I have recently been unable to upload any jars to my Flink cluster, running under YARN on AWS EMR. There has been a long-running streaming application running for 26 days. It seems like the temp directory has been deleted, but I really don't think that I deleted it.
From the jobmanager.log
:
2019-02-12 22:02:05,156 WARN org.apache.flink.runtime.webmonitor.handlers.JarListHandler - Jar upload dir /tmp/flink-web-94fee1e8-35b9-409f-be97-d86c0f021459/flink-web-upload does not exist, or had been deleted externally. Previously uploaded jars are no longer available.

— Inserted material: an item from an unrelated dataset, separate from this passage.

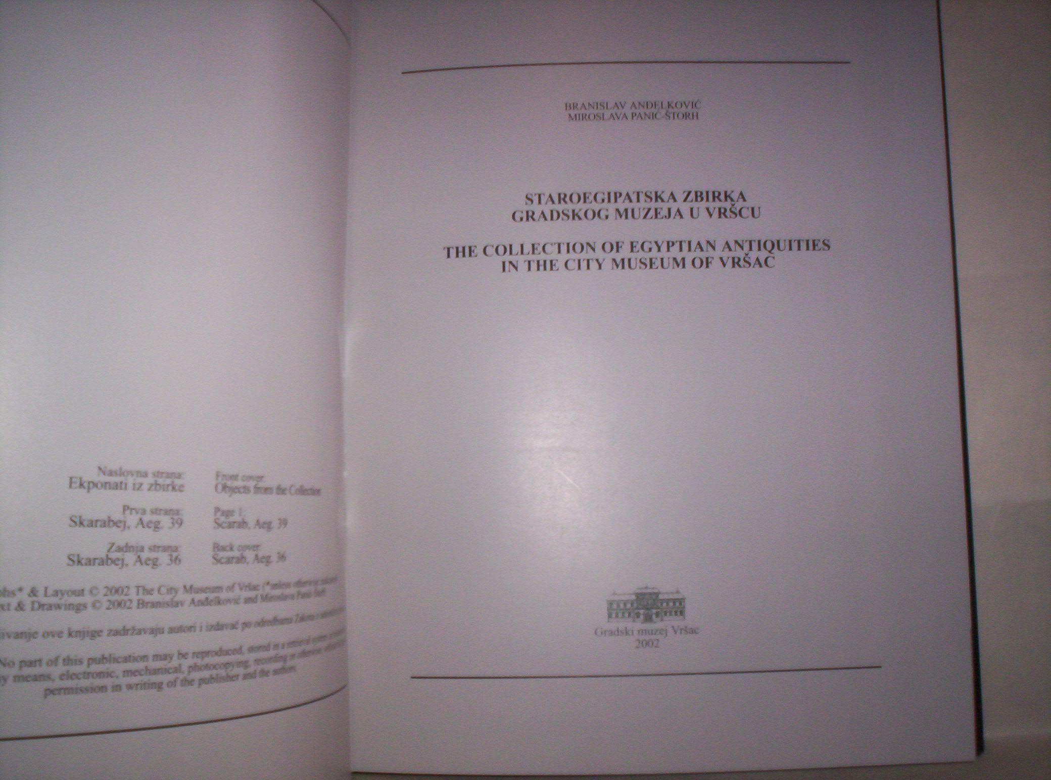 Branislav Anđelković-Miroslava Panić-Štorh: STAROEGIPATSKA ZBIRKA GRADSKOG MUZEJA U VRŠCU, Gradski muzej, Vršac, 2002, format 24 x 30 cm, strana 120, tvrde korice sa zaštitnim omotom, povez šivenjem, zlatotisk. ISBN 86-83911-03-9. Ilustrovano kartama i fotografijama u boji. Dvostubačni uporedni tekst na srpskom i engleskom jeziku. Novo i nekorišćeno. Stranice čiste, bez mrlja i bez podvlačenja redova. Šaljem po uplati. Ne korespondiram SMS porukama. Ne prodajem knjige kupcima sa Kosova i ne šaljem u inostranstvo. Cena je sa poštarinom.

The instance has plenty of space for storing the jar.
Here is the YARN app status:
Application-Id : application_1547758510009_0001
Application-Name : Flink session cluster
Application-Type : Apache Flink
User : hadoop
Queue : default
Application Priority : 0
Start-Time : 1547758629234
Finish-Time : 0
Progress : 100%
State : RUNNING
Final-State : UNDEFINED
Tracking-URL : http://ip-cp1.ec2.internal:39975
RPC Port : 39975
AM Host : ip-cp1.ec2.internal
Aggregate Resource Allocation : 43765538005 MB-seconds, 4500338 vcore-seconds
Aggregate Resource Preempted : 0 MB-seconds, 0 vcore-seconds
Log Aggregation Status : NOT_START
Diagnostics :
Unmanaged Application : false
Application Node Label Expression : <Not set>
AM container Node Label Expression : <DEFAULT_PARTITION>
I have not set either jobmanager.web.upload.dir
nor jobmanager.web.tmpdir
. After recreating that directory, I am able to upload into it through cURL (and verify that the file arrives) but then subsequently listing the jars shows nothing.
Has anyone seen this before? And also, how can I now correctly recreate the necessary upload directory?